Fort Worth

Built in 1920 as the Beth-El synagogue in Fort Worth, this building still serves God.

 Beth-El synagogue opened in 1920 at the corner of West Broadway and Galveston in Fort Worth. It served the congregation until the end of the 20th Century and now houses an evangelical church.
Beth-El synagogue opened in 1920 at the corner of West Broadway and Galveston in Fort Worth. It served the congregation until the end of the 20th Century and now houses an evangelical church. Fort Worth Jewish Archives

One hundred years ago this month, bricklayers and carpenters worked overtime to finish constructing Beth-El synagogue — a red brick house of worship with limestone trim at the affluent corner of West Broadway and Galveston. To keep workers on the job, temple president Herman Lederman, a tobacconist, handed out free cigars.

Contractor William Bryce, for whom a street in Arlington Heights was later named, knew he faced a deadline. The Jewish High Holidays that year began at sunset on Sunday, Sept. 12.

Bryce also realized he wasn’t going to be paid in full. Due to wild inflation, he had submitted a cost-plus contract. What began as a $75,000 job ended up with a $139,000 tab and a deficit of $78,500. Desperate Beth-El board members called lumberyards, begging donations of building materials. Architect John J. Pollard, whose work includes the Forest Park gate, kept revising the blueprints because the congregation could no longer afford a planned gymnasium, rooftop garden, billiards room or ballroom.

Adding to Beth-El’s woes was Prohibition, the law of the land since Jan. 1, 1920. Prohibition forced out of business Beth-El benefactors who were liquor distributors, saloon keepers, and restaurateurs. Congregants reneged on building fund pledges. Membership at Beth-El dropped from 150 families to 120.

Despite setbacks, Beth-El opened in time for Rosh Hashanah, the Jewish New Year. Prayers and second mortgage bonds kept the temple afloat. The last dollar on the mortgage was finally paid in July of 1946.

Then, the unthinkable happened. On Aug. 29, 1946, hours after a B’nai B’rith smoker in the social hall, fire erupted. A three-alarm blaze consumed all but the brick walls of Beth-El. Water dousing the flames flushed thousands of poker chips and playing cards into the street.

Fortunately, the 36,700-square-foot building had “good bones.” The interior was rebuilt, redecorated, and fireproofed. Beth-El reopened two years later for the High Holidays. Soon after, trustees banned card-playing and gambling on the premises.
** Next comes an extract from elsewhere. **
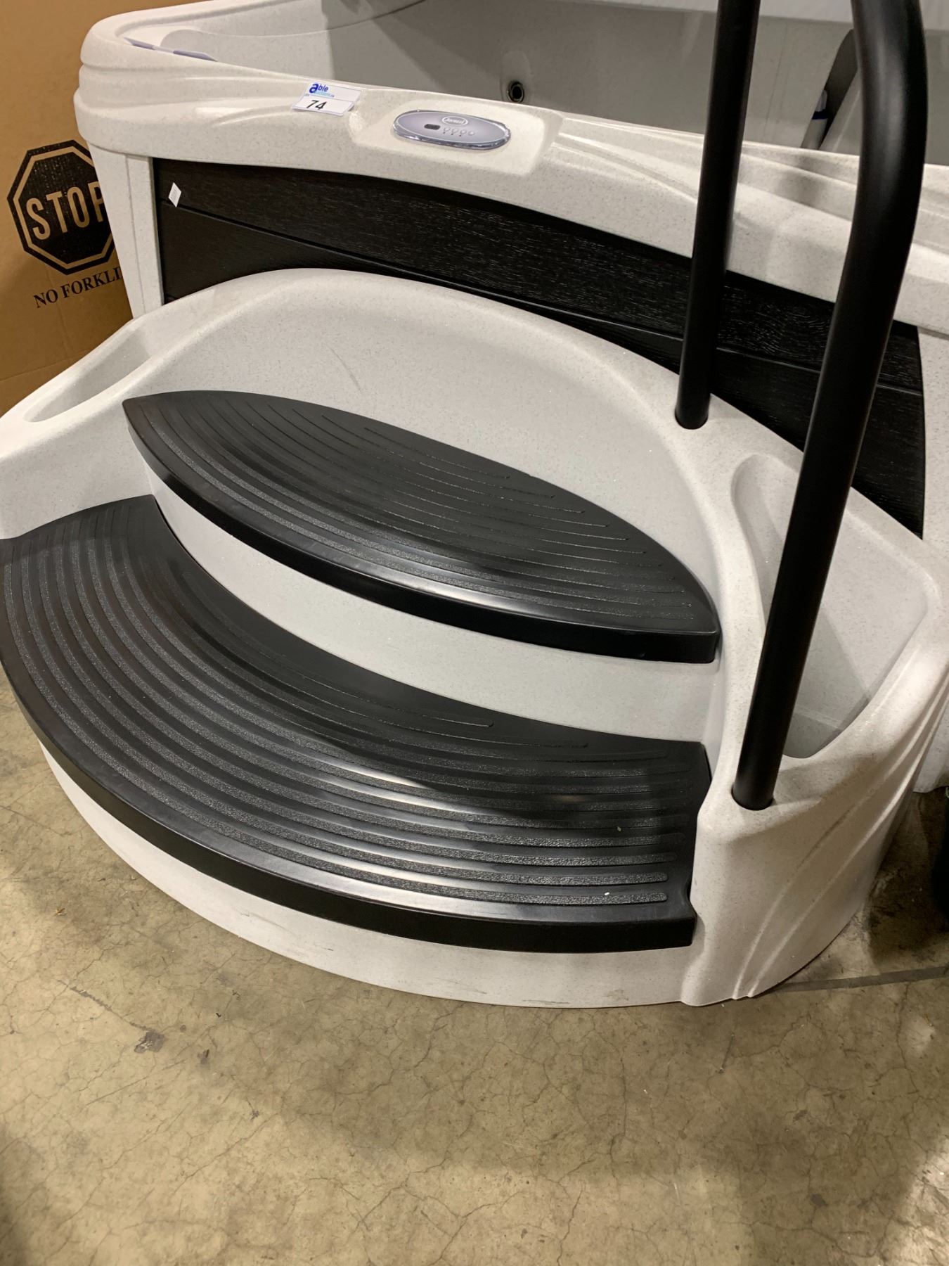 2 TONE BLACK/GREY 5' W PLASTIC JACUZZI STEPS WITH ALUMINUM HANDRAIL SUPPORT

The red brick synagogue served the congregation until the end of the century. By then, the Broadway neighborhood on the city’s Near Southside had deteriorated. Most of the three-story homes that once graced the area had been demolished. Beth-El’s members had migrated southwest into the Hulen Street corridor, where a soaring contemporary synagogue was nearing completion at 4900 Briarhaven Road.

A parade of congregants carried the Torahs to the new house of worship. Also removed and embedded into the architecture of the new synagogue were the limestone friezes on the Broadway building’s façade — two massive stone candelabras, a quote from Psalms, and a set of Ten Commandment tablets.

For the next decade, the neoclassical house of worship at 207 W. Broadway Ave. remained vacant. Initially, the Fort Worth school district bought the property for $950,000 but, within a few years, put it back on the market. The corner changed hands several times. To keep drunks and drug addicts from trashing the interior, a chain-link fence was erected around the periphery. The appraised value plummeted to $269,000. At that price, the century-old house of worship, which boasted excellent acoustics, ten classrooms, a catering kitchen and basement stage, was looking like a bargain.

As property values tumbled, rebirth was underway. Developers, investors and nonprofits envisioned turning the neighborhood into a trendy enclave with eclectic shops and entertainment outlets moving into vintage brick buildings and warehouses. City planners dubbed the area South Main Village. An experimental theater, Amphibian Stage, opened in 2000 at 120 S. Main. The Markeen Apartments, constructed in 1909, were refurbished, leased, and elevated to the National Register of Historic Places.

In the spring of 2010, the temple at 207 Broadway was sold to an evangelical church — I Jesus Zion Ministries. The church, led by Pastor David Donovan, had started in 1984 inside the Grand Theater, a dilapidated Southside movie house shuttered in 1981.

The new congregation thrived. The pastor dreamed of a larger, more visible location. The corner of Broadway and Galveston turned into a good fit. The church is now celebrating its 10th year in a century-old building that continues to serve God and the community.

Hollace Ava Weiner, a former Star-Telegram reporter, is an author, archivist and director of the Fort Worth Jewish Archives.